The study found that different MLucV states (native, unfolded, aggregated, chaperone-bound) could be distinguished by FRET and luciferase activity. Urea or heat treatments produced small, soluble aggregates of approximately 12 MLucV monomers. Negative-stain electron microscopy confirmed the formation of discrete, roughly spherical particles with a narrow size distribution. SEC-RALS analysis showed an average mass consistent with a dodecamer. Molecular dynamics simulations supported a model where misfolded luciferase cores form the hydrophobic core of the aggregate, with the fluorescent domains positioned at the surface. Order-of-addition experiments showed that DnaJ is necessary for DnaK to bind and unfold the aggregates; DnaK then unfolds the substrate beyond its urea-unfolded conformation. GrpE promotes ADP/ATP exchange, leading to substrate release and refolding. At 38°C, where the native luciferase is unstable, the addition of the DnaK-DnaJ-GrpE system with ATP resulted in non-equilibrium accumulation of native MLucV. The system could actively target misfolding species, preventing their aggregation and allowing refolding, while not affecting native conformers. Experiments without ATP showed that the chaperones could not simply prevent aggregation by holding unfolded monomers; ATP hydrolysis is critical for the chaperones' activity. The study confirmed that Hsp70 acts as a stand-alone disaggregation machinery, independent of ClpB.

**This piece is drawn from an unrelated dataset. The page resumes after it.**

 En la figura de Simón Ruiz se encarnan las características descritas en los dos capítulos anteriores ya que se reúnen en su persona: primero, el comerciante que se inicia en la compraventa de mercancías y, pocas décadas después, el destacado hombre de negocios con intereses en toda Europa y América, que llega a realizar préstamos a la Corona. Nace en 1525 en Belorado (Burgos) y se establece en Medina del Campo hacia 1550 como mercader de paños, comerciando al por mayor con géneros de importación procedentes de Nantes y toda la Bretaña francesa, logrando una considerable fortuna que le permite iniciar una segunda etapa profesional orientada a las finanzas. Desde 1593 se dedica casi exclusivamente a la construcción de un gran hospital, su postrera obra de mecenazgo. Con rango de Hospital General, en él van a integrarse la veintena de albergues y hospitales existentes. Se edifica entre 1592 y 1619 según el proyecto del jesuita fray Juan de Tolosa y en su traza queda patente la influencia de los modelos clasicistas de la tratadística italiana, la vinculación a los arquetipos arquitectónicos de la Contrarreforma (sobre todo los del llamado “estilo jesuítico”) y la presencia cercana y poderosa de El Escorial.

These findings provide unprecedented detail on the Hsp70 mechanism. The study demonstrates that Hsp70 does not simply prevent aggregation but actively disaggregates and unfolds stable protein aggregates. The involvement of DnaJ in targeting Hsp70 to misfolded substrates was clearly shown, along with the critical role of ATP in fueling this process. The results suggest a non-equilibrium mechanism where Hsp70 injects energy to unfold substrates beyond what is possible at equilibrium, allowing for refolding upon release. The findings have important implications for understanding protein quality control and the mechanisms that cells use to protect themselves against protein aggregation.

This study provides a detailed and comprehensive understanding of the Hsp70 unfolding mechanism using the novel MLucV reporter protein. The results demonstrate that Hsp70 acts as an ATP-fueled unfoldase, actively disaggregating and unfolding misfolded proteins, ultimately enabling their refolding into their native states. Future studies could investigate the mechanism in vivo using MLucV, explore the dynamics of individual chaperone interactions, and investigate the role of Hsp70 in more complex cellular contexts.

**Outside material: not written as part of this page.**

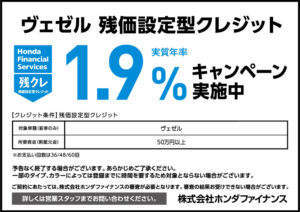 ヴェゼル 残クレ実質年率1.9%キャンペーン実施中!

The study primarily used in vitro experiments with a bacterial Hsp70 system. While the use of MLucV allowed for a more homogenous system than typical protein aggregates, this system may not fully recapitulate the complexity of cellular environments. Further studies in vivo are required to fully validate these findings in a more complex cellular context. The molecular dynamics simulations, while helpful in visualizing protein interactions, are based on simplified models and may not capture all the details of the system’s dynamics.